### GOAL OF THE EXERCISE
Find the line containing "此次会议上,全体代表审议通过", then print it and each line after it through the end of the listing exactly, with no pictures.

### INFORMATION SUPPLIED

★ ★ ★ ★ ★ ★ ★

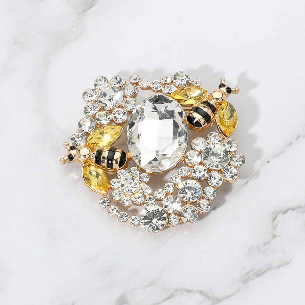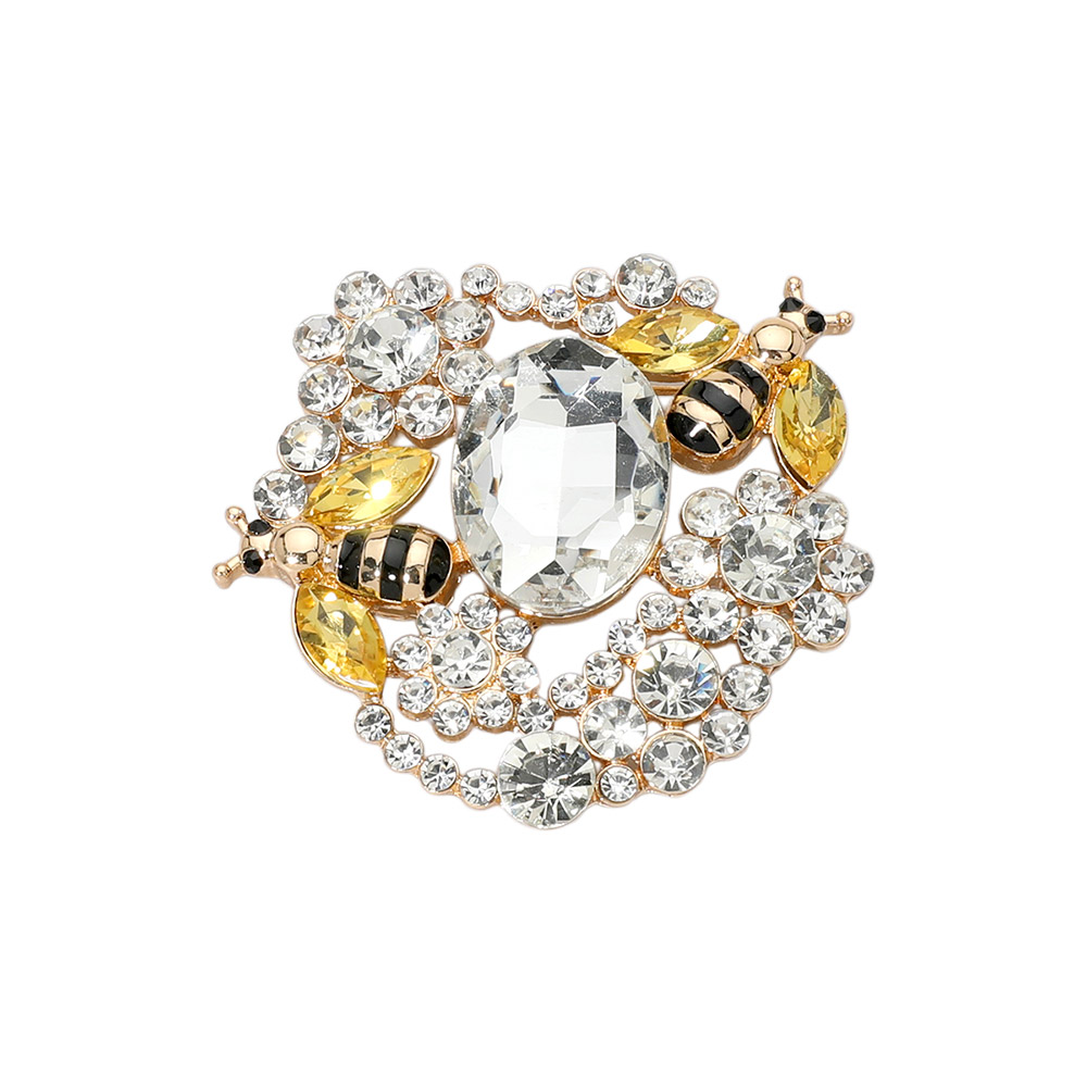 Details • Size : 2" X 2" • Pin Brooch • Eye-catching floral bee brooch featuring vivid crystal accents and playful details. A bold statement accessory perfect for jackets, dresses, scarves, or bags, adding charm and elegance to everyday and special occasion outfits. • Lead and Nickel Compliant
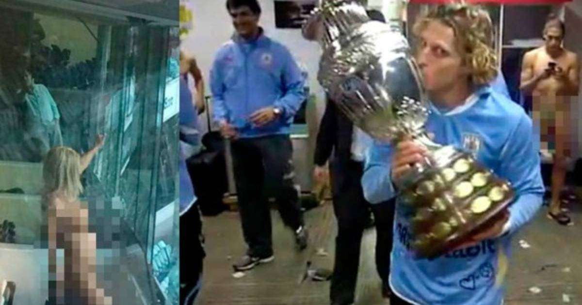 3. Cuando Uruguay ganó la Copa América en 2011, Diego Forlán colgó en internet un vídeo en el vestuario en el que se le ve besando el trofeo y, en segundo plano, Martín Cáceres lució como Dios lo trajo al mundo. Forlán retiró en seguida el vídeo al darse cuenta.
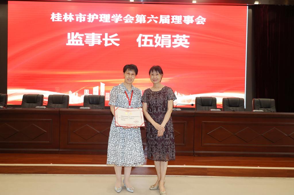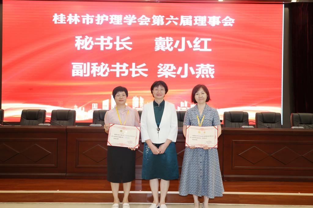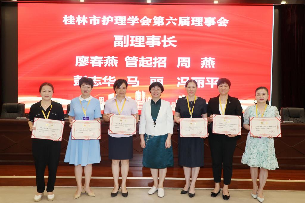 此次会议上,全体代表审议通过了《桂林市护理学会第六届理事会理事选举办法》《桂林市护理学会第六届理事会常务理事、秘书长、副理事长、理事长选举办法》《桂林市护理学会监事会选举办法》,选举产生了桂林市护理学会第六届理事会理事,桂林市护理学会监事会监事,第六届常务理事,第六届理事长、副理事长、秘书长、副秘书长和监事长。桂林医学院附属口腔医院党委书记文琼仙当选桂林市护理学会第六届理事会理事长,廖春燕、管起招、周燕、彭志华、马丽、冯丽平当选副理事长,戴小红任秘书长,梁小燕任副秘书长。彭友萍为新当选的理事长、监事长颁发证书,文琼仙为副理事长、秘书长、副秘书长颁发证书。
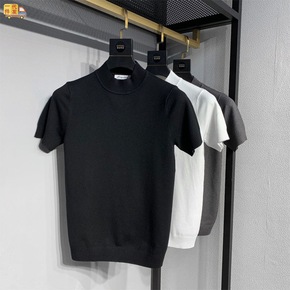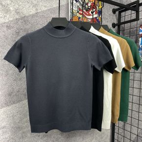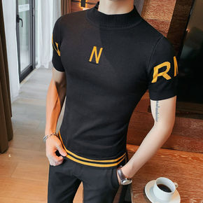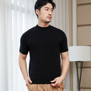 男士秋冬新款短袖针织衫半高领修身青年毛衣纯色简约打...

★ ★ ★ ★ ★ ★ ★

### ANSWER TO THE PROBLEM
 此次会议上,全体代表审议通过了《桂林市护理学会第六届理事会理事选举办法》《桂林市护理学会第六届理事会常务理事、秘书长、副理事长、理事长选举办法》《桂林市护理学会监事会选举办法》,选举产生了桂林市护理学会第六届理事会理事,桂林市护理学会监事会监事,第六届常务理事,第六届理事长、副理事长、秘书长、副秘书长和监事长。桂林医学院附属口腔医院党委书记文琼仙当选桂林市护理学会第六届理事会理事长,廖春燕、管起招、周燕、彭志华、马丽、冯丽平当选副理事长,戴小红任秘书长,梁小燕任副秘书长。彭友萍为新当选的理事长、监事长颁发证书,文琼仙为副理事长、秘书长、副秘书长颁发证书。
 男士秋冬新款短袖针织衫半高领修身青年毛衣纯色简约打...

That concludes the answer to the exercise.